Думаю, в наш век философия прибывает подобно приливу, хотя перипатетики еще надеются остановить приливное течение или (по примеру Ксеркса) обуздать море, дабы помешать подъему свободной философии. Думаю, я вижу, как весь старый мусор будет смыт, а гнилые постройки разрушены и унесены этим могучим потоком.
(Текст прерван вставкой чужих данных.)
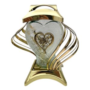 | Content | Elegancki znicz w formie kapliczki z ozdobnym motywem serca i róży. Szklany wkład w kształcie serca został subtelnie zdobiony delikatnym wzorem, a centralny element dekoracyjny w kolorze złota podkreśla wyjątkowy charakter produktu. Nowoczesna, falowana oprawa nadaje całości lekkości i elegancji.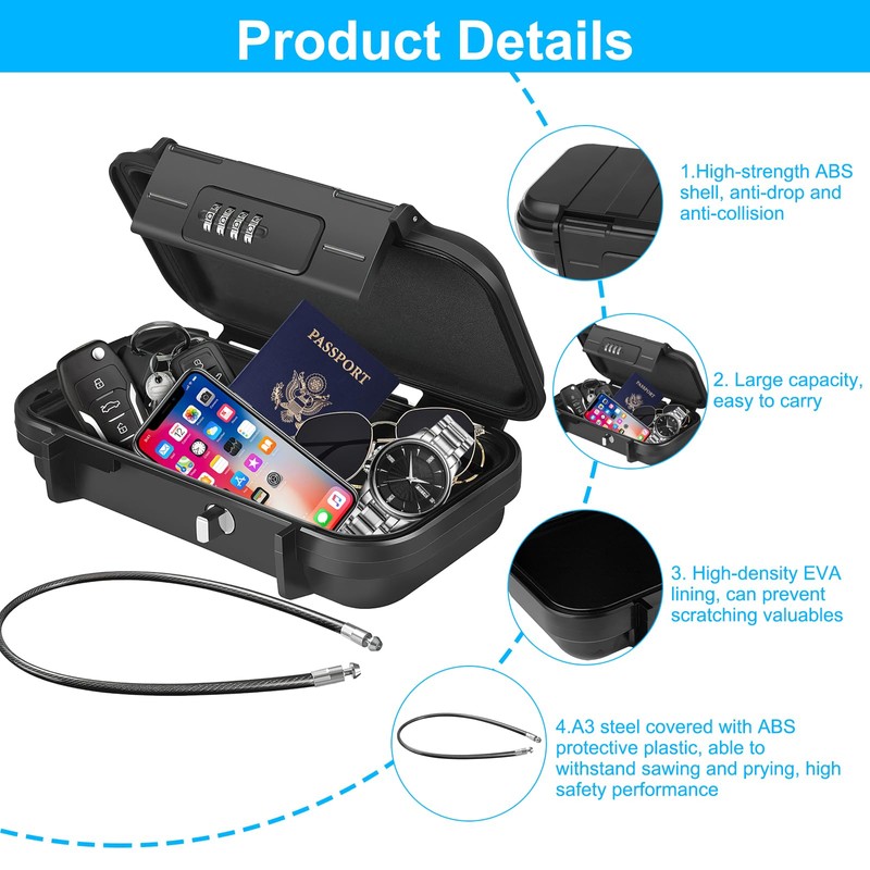 - Multifunctional mini safe: compact and portable, the anti-theft mini safes combination lock can be used as a travel safe or personal safe to protect you from loss or theft, ideal for travel, home, hotel, campus or office. In addition, this highly secure safe is also a perfect gift for family and friends.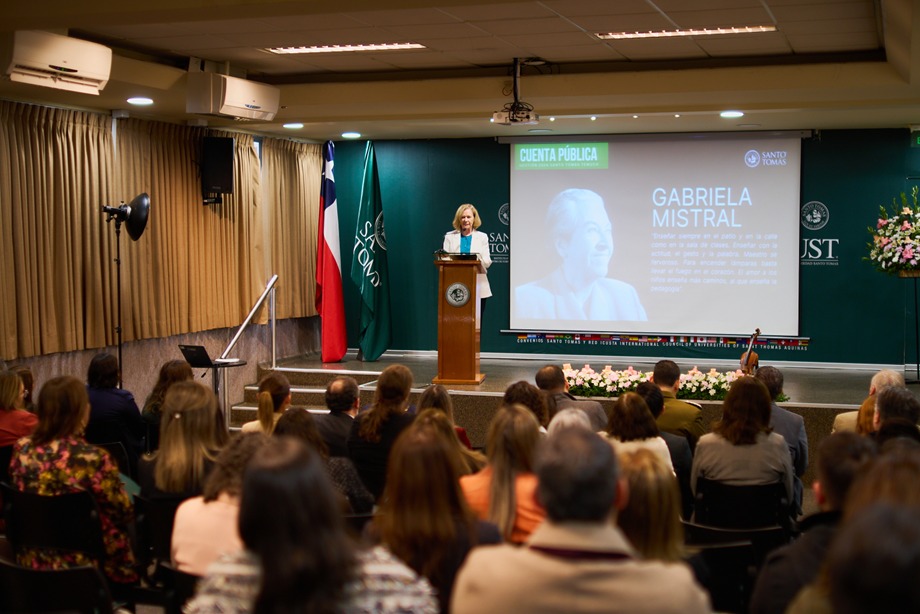 Entre los temas que la rectora abordó en la Cuenta Pública destacó la presencia, tanto nacional como regional de Santo Tomás. En la Región de La Araucanía, esta presencia se materializa a través de la sede Santo Tomás Temuco, donde la comunidad estudiantil accede a una experiencia integral de aprendizaje en espacios como las sedes Rodríguez y Pedro de Valdivia, Centro Demostrativo de Recursos Naturales, Centro de Atención Psicológica (CAPS), Clínica Jurídica, el Hospital Clínico Veterinario y Casa de la Familia en Padre Las Casas.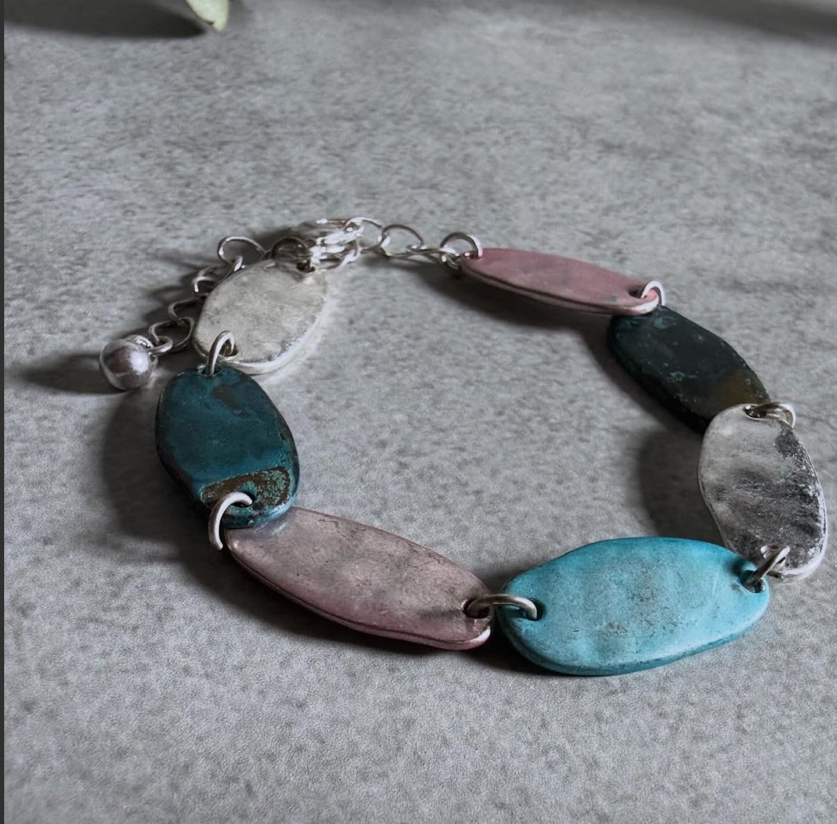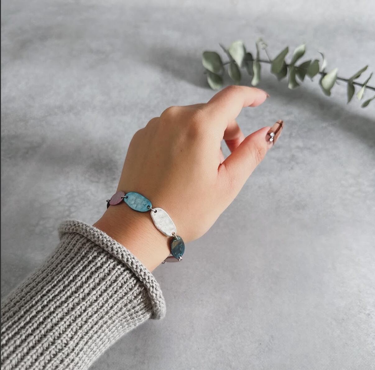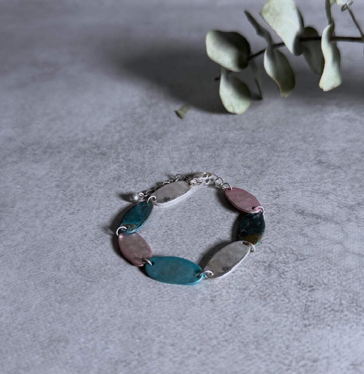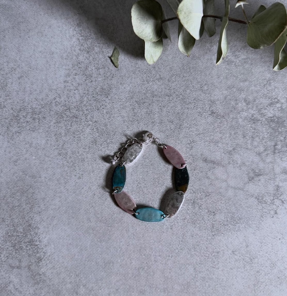 様々なサイズの楕円モチーフが目を惹くブレスレット。

В наши дни должны быть заложены основания гораздо более величественной философии, которая никогда не сможет быть опровергнута: это будет эмпирическое и чувственное обследование феноменов природы, выводящее причины вещей из таких первоисточников природы, которые, как мы наблюдаем, производимы искусством и безошибочным доказательством механических орудий: несомненно, этот, и никакой другой, и есть путь построения истинной и вечной философии…{91}
В 1666 г. математик и картограф Джон Уоллис (который придумал символ ∞ для обозначения бесконечности) выражался более осторожно: «Затем Галилей и (после него) Торричелли и другие применили механические принципы для разрешения философских противоречий; хорошо известно, что натурфилософия оказалась более вразумительной, и меньше чем за сто лет она добилась большего прогресса, чем за предыдущие столетия»{92}.
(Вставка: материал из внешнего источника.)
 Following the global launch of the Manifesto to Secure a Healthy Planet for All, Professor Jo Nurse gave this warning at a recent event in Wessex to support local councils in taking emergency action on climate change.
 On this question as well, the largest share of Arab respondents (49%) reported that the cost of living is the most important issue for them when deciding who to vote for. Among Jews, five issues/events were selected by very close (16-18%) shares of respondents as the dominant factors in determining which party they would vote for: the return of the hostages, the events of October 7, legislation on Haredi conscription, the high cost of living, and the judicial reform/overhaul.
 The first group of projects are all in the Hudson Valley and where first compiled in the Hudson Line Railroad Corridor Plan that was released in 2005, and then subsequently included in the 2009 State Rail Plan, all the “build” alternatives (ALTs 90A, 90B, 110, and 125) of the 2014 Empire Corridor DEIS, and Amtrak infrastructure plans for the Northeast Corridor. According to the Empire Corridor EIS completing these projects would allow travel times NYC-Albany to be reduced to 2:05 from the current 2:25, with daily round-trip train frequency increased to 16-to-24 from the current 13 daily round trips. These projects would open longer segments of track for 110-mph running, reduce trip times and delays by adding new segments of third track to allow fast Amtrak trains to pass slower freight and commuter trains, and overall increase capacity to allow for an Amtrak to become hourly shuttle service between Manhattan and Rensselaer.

Гук, Гленвилл, Гоббс и Уоллес сами участвовали в этой трансформации, однако их видение происходящего разделяли и хорошо информированные наблюдатели. В 1666 г. епископ Сэмюэл Паркер восславил недавнюю победу «механической и экспериментальной философии» над философией Аристотеля и Платона и заявил:
…Мы можем обоснованно ожидать от Королевского общества (если они будут следовать своему предназначению) великого Развития натурфилософии, невиданного во все предшествующие эпохи; поскольку они отбросили все разрозненные Гипотезы и полностью посвятили себя опытам и наблюдениям, они могут не только представить миру полную историю природы (которая есть наиболее полезная часть физиологии [науки о природе]), но также заложить прочную и надежную основу, на которой будут возводиться Гипотезы{93}.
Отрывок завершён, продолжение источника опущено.